New Relic lets you set up automated user management (AUM), which allows you to import, update, and deactivate your New Relic users from an identity provider, like Azure AD, Okta, or OneLogin.
Before reading the benefits of automated user management, we recommend reading Get started with SAML SSO and SCIM.
Benefits of enabling automated user management include:
- Time and cost efficiency: When you make changes in your identity provider, such as creating, updating, and removing users, these changes are automatically reflected in New Relic. By being able to manage a large set of users from your identity provider, it reduces the workload of your admins who'd otherwise need to do a significant amount of work in New Relic to accomplish the same thing.
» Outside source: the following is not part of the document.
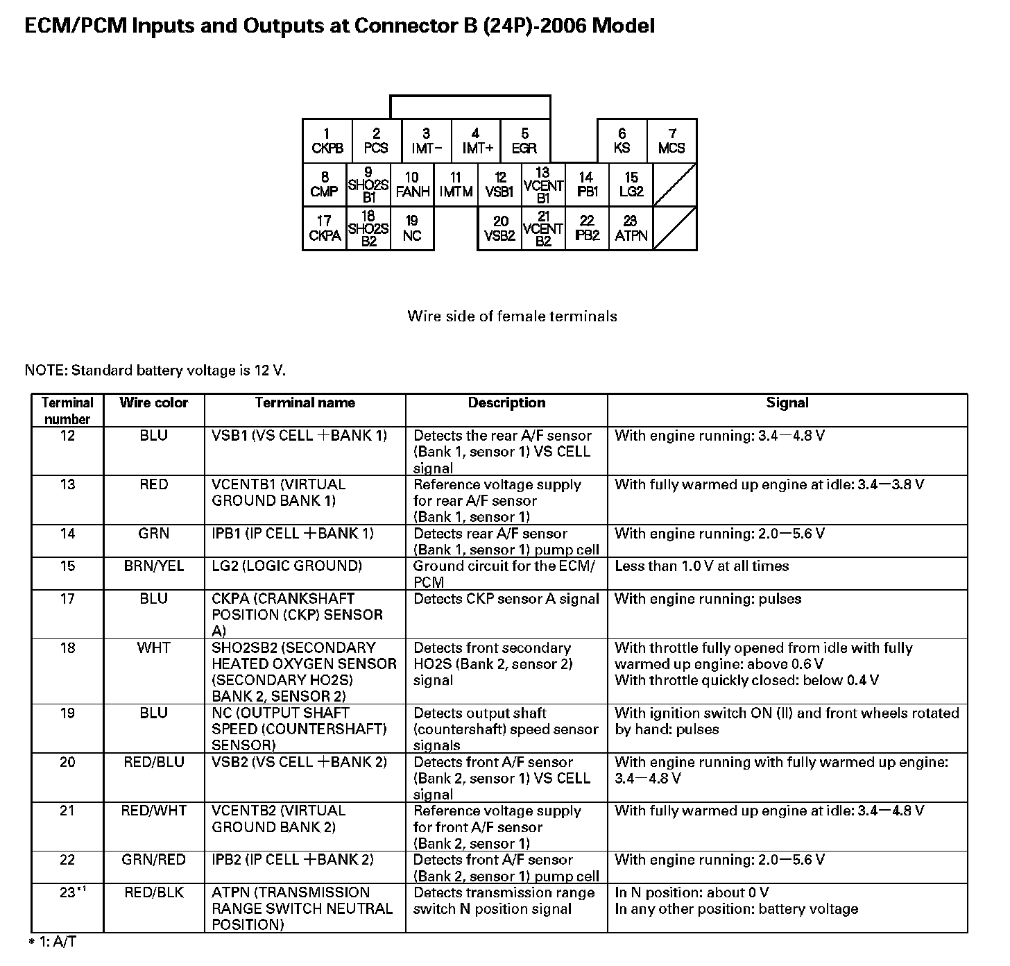 ECM/PCM Inputs And Outputs At Connector B (24P) Part 1:

- Increased productivity: By having a more automatic way to set up users and groups, they're enabled and ready to use New Relic more quickly.
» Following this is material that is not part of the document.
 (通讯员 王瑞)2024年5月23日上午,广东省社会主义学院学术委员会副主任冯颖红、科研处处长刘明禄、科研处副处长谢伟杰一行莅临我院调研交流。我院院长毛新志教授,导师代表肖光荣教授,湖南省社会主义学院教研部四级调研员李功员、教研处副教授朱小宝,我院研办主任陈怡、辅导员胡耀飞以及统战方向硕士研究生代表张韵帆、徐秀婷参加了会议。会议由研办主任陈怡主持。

- Enhanced security: SCIM is an industry standard protocol for maintaining groups of users.
- Use of this feature requires SAML SSO, so once your users are added to New Relic, they can log in using your identity provider.
- Popular identity providers Azure AD, Okta, and OneLogin have dedicated New Relic apps, improving ease of enablement.
Requirements and recommendations:
- Requires Pro or Enterprise edition.
- Supports SAML 2.0 standard for single sign on (SSO).
- Supports SCIM 2.0 standard.
- User model-related requirements:
- This feature requires you to be on our New Relic One user model and creates users on that model. If you're on our original user model (or otherwise can't implement this feature), talk to your New Relic account representative.
- Configuration requires that a user have the Authentication domain manager and the Organization manager role (users in the default group Admin have these).
- There are three identity providers that have a New Relic app: Azure AD, Okta, and OneLogin. For other identity providers, you can use our SCIM API.
- Before enabling this, it helps to first set up user groups in your identity provider service and think about which New Relic roles and accounts those groups will have access to.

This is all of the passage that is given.